Kulbhushan Jadhav was sentenced to death by a Pakistani military court in 2017.

India’s counsel on the Kulbhushan Jadhav case, Harish Salve has said that the country may have to back to the International Court of Justice (ICJ) to get direction as Pakistan has failed acted on the court’s decision and give access to the retired Indian Navy official.

Kulbhushan Jadhav, accused of spying by Pakistan, was sentenced to death by now-abolished military courts in April 2017. In its July 2019 order, the ICJ had asked Pakistan to undertake an “effective” review of the conviction and sentence of Kulbhushan Jadhav and asked it to grant consular access to him without further delay.

Harish Salve, who was sharing the case Kulbhushan Jadhav insights in an online lecture, said India has had seven or eight exchanges with Pakistan. “We have been trying to persuade Pakistan to let him go. If they want to say they are releasing him on humanitarian grounds, they can do so. We want him back,” Harish Salve said.

“It has become a big ego problem in Pakistan.
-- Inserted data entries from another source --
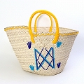 チュニジア刺繍バスケット 丸底 ハンドル 黄
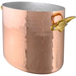 De van gehamerd koper gemaakte ovale Mauviel M’30 champagnekoeler is geschikt voor 2 flessen champagne van 0,75 liter (bouteilles). De emmer is 26 cm lang en 20 cm en aan de uiteinden voorzien van messing grepen. De wijnemmer is aan de binnenzijde vertind om oxideren van het koper te voorkomen. Vul de koeler met water en ijs voor het koelen van mousserende wijnen.
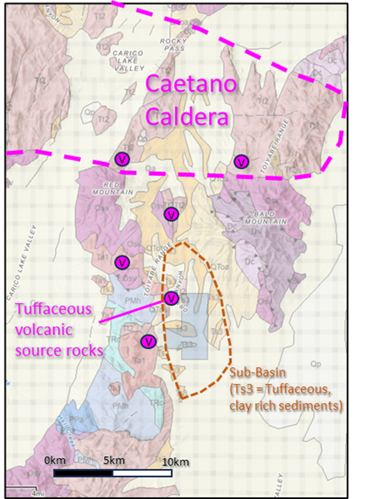 The basin contains numerous geological characteristics associated with the presence of lithium-rich claystones including;
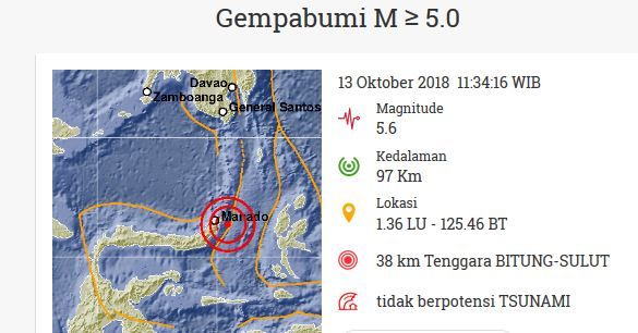 JAKARTA, iNews.id – Gempa bumi berkekuatan 5,6 skala richter (SR) mengguncang Kota Bitung, Sulawesi Utara (Sulut), Sabtu (13/10/2018) pukul 11.34 WIB atau pukul 12.34 Wita. Pusat gempa ada di laut pada kedalaman 97 kilometer (Km) di 1,36 lintang utara (LU) dan 125.46 bujur timur (BT) atau sekitar 38 Km tenggara Bitung.
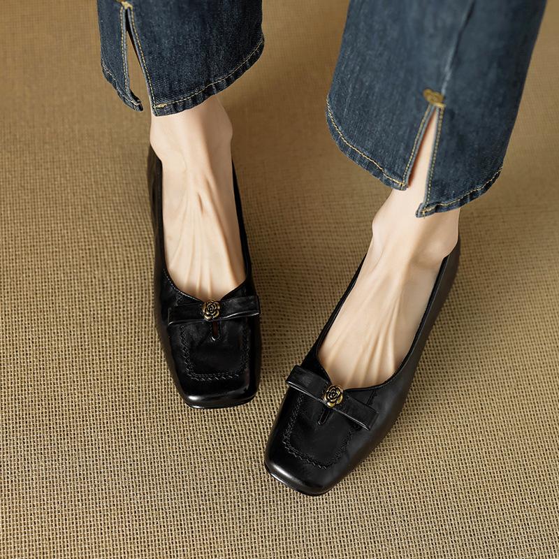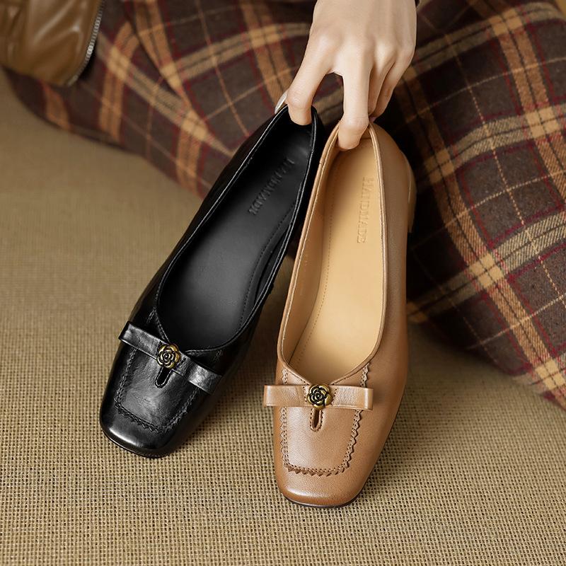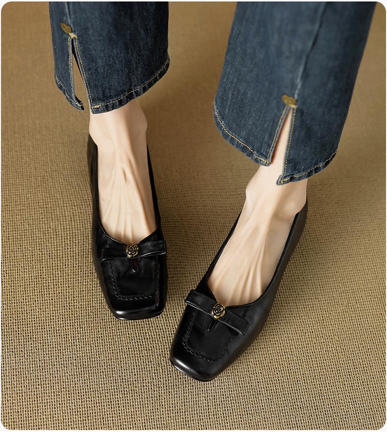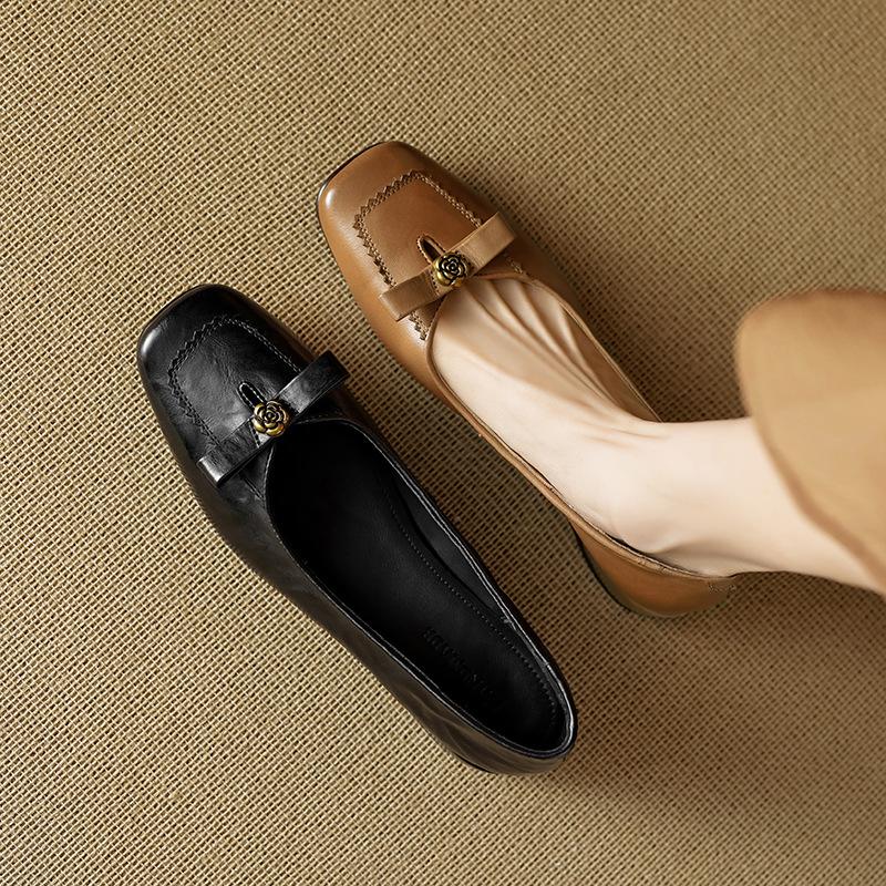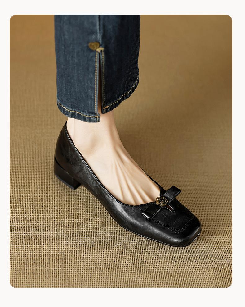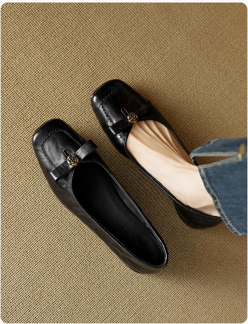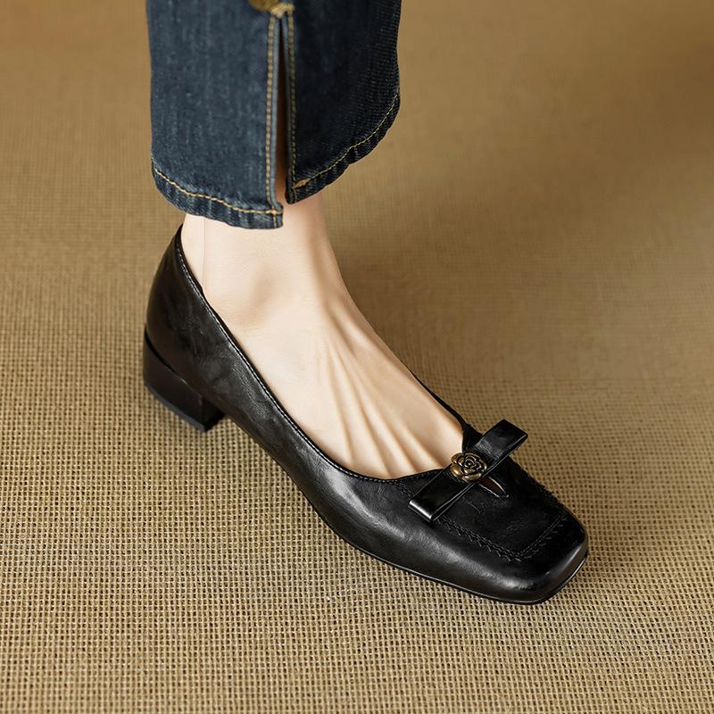 Tacón Grueso de 3cm Estilo Pequeño Fragante Flats de Boca Baja Ropa de Trabajo Versátil 2025 Otoño Nuevo Estilo Cuero Genuino Lazo Camelia Zapatos de Mujer
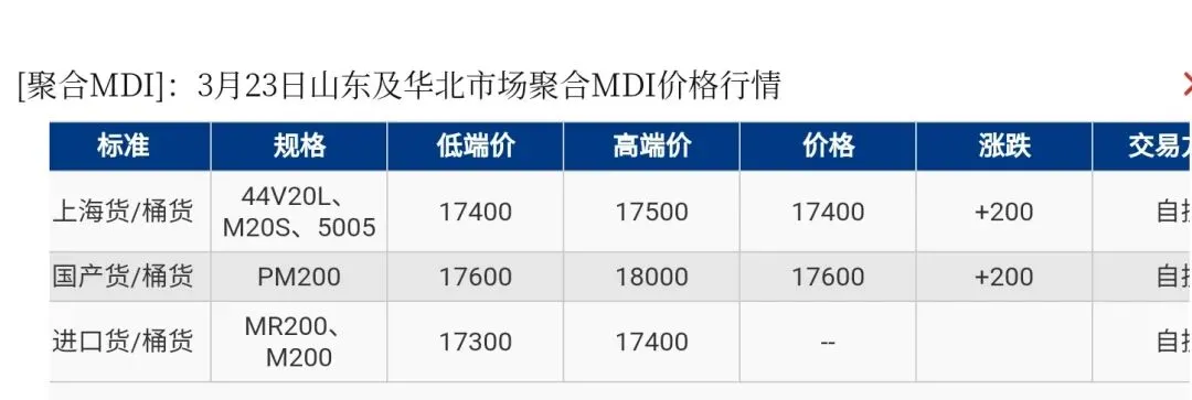 【市场动态】华东区域聚合MDI上海货报盘17400-17600元/吨,国产货源(PM200)报盘17500-17600元/吨,进口货报盘17300-17400元/吨。
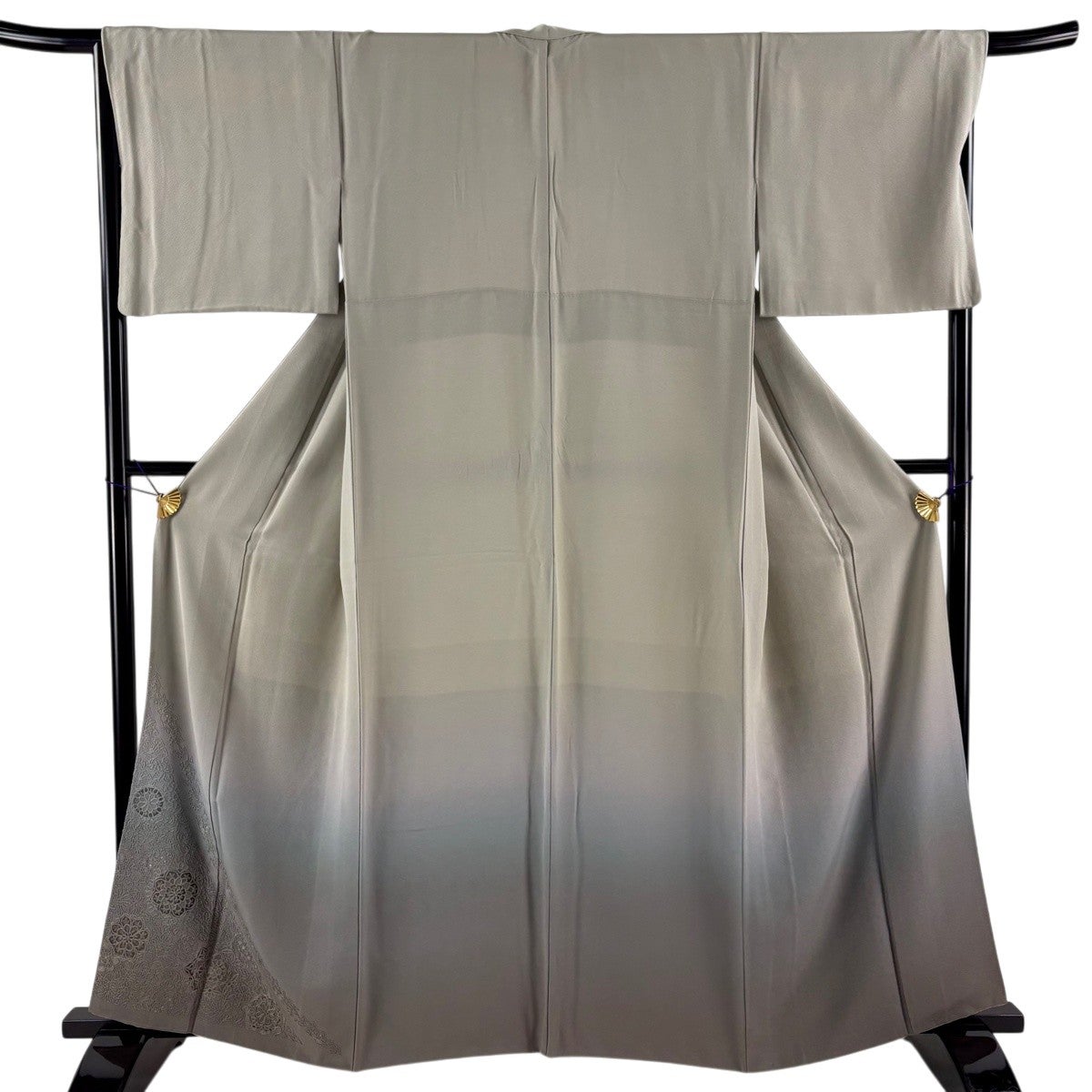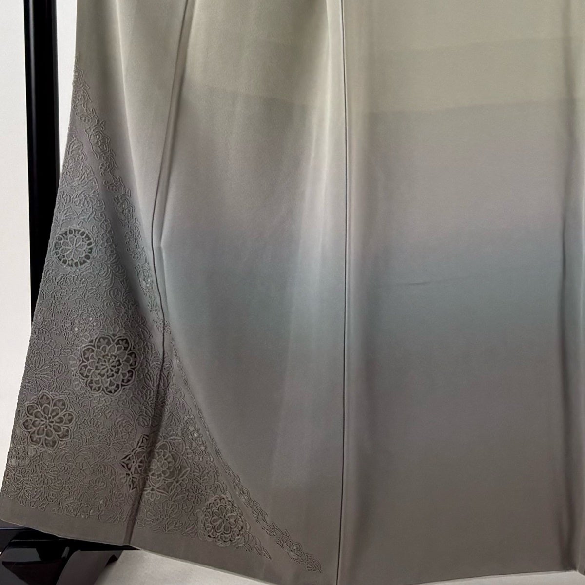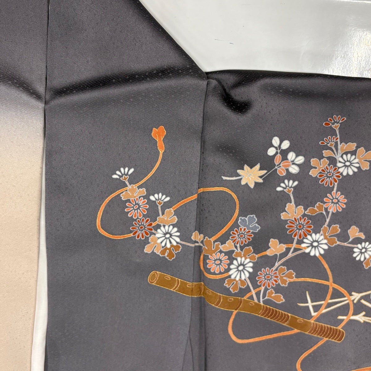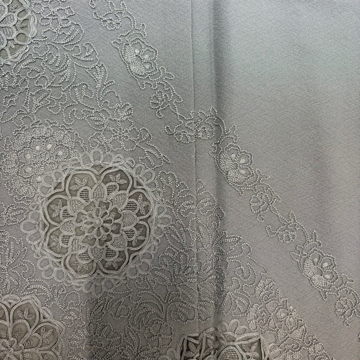 付下げ 身丈161cm 裄丈66.5cm M 袷 華文 草花 刺繍 ぼかし 灰色 正絹 秀品
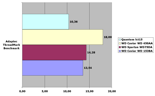 Как видим, по скорости обмена WD Spartan все-таки не дотягивает до Seagate U10, хотя и опережает Quantum lct15. Собственно, этого и не обещали, обещали выигрыш в тестах высокого уровня. Зато появился лидер — WD450AA. Что любопытно, скорость обмена у этого диска даже больше, чем у WD153BA! Так, а что у нас в WinMarks?

We have written them several letters, they just keep denying. I think we have reached a point where we may have to decide on whether we want to go back to the ICJ for the consequential directions. Pakistans has just not moved ahead,” he said.

On the question of how can India assure that Kulbhushan Jadhav does not get treated like Sarabjit Singh, Harish Salve said India has been doing all that is possible, including keeping the spotlight on the case.

He also said that the case is also mentioned in the ICJ’s annual presentation of important cases to the United Nations (UN). “We have kept the glare on this case in the hope that Pakistan, despite what it, will not act worse than it generally does,” Harish Salve said.

Jadhav was sentenced to death by a Pakistani military court on charges of espionage and terrorism in April 2017. Weeks later, India approached the ICJ against Pakistan for denial of consular access to Jadhav and to challenge the death sentence.

In its verdict in the case on July 17, the ICJ ordered Pakistan to undertake an “effective” review of the conviction and sentence of Jadhav and asked it to grant consular access to him without further delay.